The demand for mice to feed pythons is so great that every day trucks from various places bring mice to sell, Mr. and Mrs. Ba - Thien's facility gradually becomes a place to buy and distribute mice to the market, selling several tons each day. In addition to selling python meat, more than 200 pythons give birth, when it is time to reproduce, each python gives birth to dozens of baby pythons, some even give birth to 75-100 baby pythons (the bigger the mother python, the more babies it gives birth to), so each season the farm has about 5,000 baby pythons to supply to breeders.
At that time, the provincial Fatherland Front bought many baby pythons here and distributed them to households to raise to reduce poverty.

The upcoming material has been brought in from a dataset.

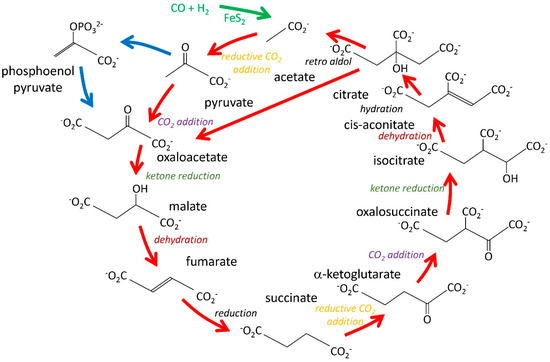 A possible prebiotic reductive TCA cycle. The acids shown here differ in some places from those in a standard TCA diagram and are drawn such that diametrically opposite acids and the reactions that convert them are homologous. Homologous reaction types are indicated in different colored italic fonts, while the three reactions in black font are not homologous. The figure also indicates possible input to the cycle from CO and hydrogen catalyzed by iron pyrite (green) and an alternative route from pyruvate to oxaloacetate that goes via phosphoenolpyruvate (blue arrows), which functions to link the TCA cycle to pathways involving phosphosugars. Many of these compounds are the starting points for important modern biosynthetic pathways, supporting their inclusion in an early autocatalytic cycle: α-ketoglutarate for amino acids (and via glutamine for the nitrogen in all amino acids); acetate for fatty acids and isoprenoids (i.e., all lipids in all three branches of life); pyruvate for sugars and alanine; oxaloacetate for aspartate and pyrimidines; and succinate for pyrroles. We note that the steps from oxaloacetate to succinate are chemically identical to the modern route for fatty acid synthesis. Diagram based on Figure 4.1 in [1]. There is also a similar diagram in [28].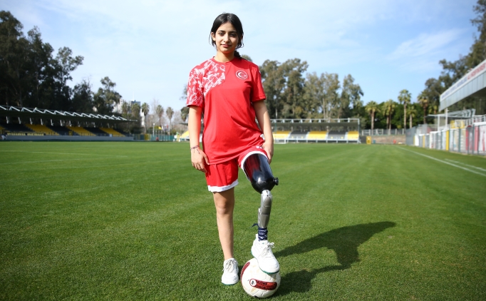 Hatay'da depremde babasını kaybettiği apartmanın enkazından 45. saatte kurtarılan 16 yaşındaki Tuğba Akın, dizden ampute edilen sol bacağına protezin takıldığı Adana'da futbola başladı.

There are no specific statistics, but according to Ms. Thien, many families have improved their lives thanks to this.
Being an acquaintance who often visited, Engineer Le Thi Lieu commented: “Ms. Thien is very good at raising pythons. Although I have researched domestication and successfully let pythons give birth, I am not as good as her at raising them. She has a lot of experience. Not only does she feed them mice, she also grinds fish into bags and puts them in the pythons' mouths to eat.”
Ms. Thien explained that raising a lot and feeding them like that will be faster, control the amount of food, and also help the python digest well and grow quickly...
The farm is large and has a lot of work, so she often has 14 or 15 people working for her (cleaning the cage, bathing the pythons, feeding, preparing bait, managing...).
The price of pythons at that time fluctuated depending on the time, sometimes the highest was 500 thousand VND/breeding python; the price of meat python was up to 355 thousand VND/kg. At that time, people often talked about the couple Ba - Thien selling 20 meat pythons to buy a used 4-seater car. Someone jokingly said: "Raising pythons is as rich as winning the lottery".
The python farming movement started booming in the late 1980s, then prices went down, then up again. Ms. Thien shared that to raise her children, she quit her government job to work outside the home, then thanks to python farming she was able to survive and make a living.
In 2015-2017, the python market showed signs of slowing down. As an experienced person, Ms. Thien proactively sold all the pythons and closed the farm, thus preserving her capital.
Engineer Le Thi Lieu analyzed that the python does not waste anything: skin, bones, fat, meat, bile... all have uses. The python's main food is mice, so it also has the double benefit of protecting crops. The python is a great pet if the output is stable.
Ms. Thien also said: "If the python can develop, this job will be very "smooth". Eliminating hunger and reducing poverty will be very easy."
A good sign is that recently, a group of scientists from Macquarie University (Australia), studying two popular python species in Thailand and Vietnam, discovered that python meat is a very nutritious food source; the food consumption rate of pythons is low compared to many other meat-producing animals; the food source for pythons is diverse, low cost; the breeding conditions are simple... Therefore, according to them, raising pythons to provide food for the world should also be considered. This is a key point in the face of global food insecurity.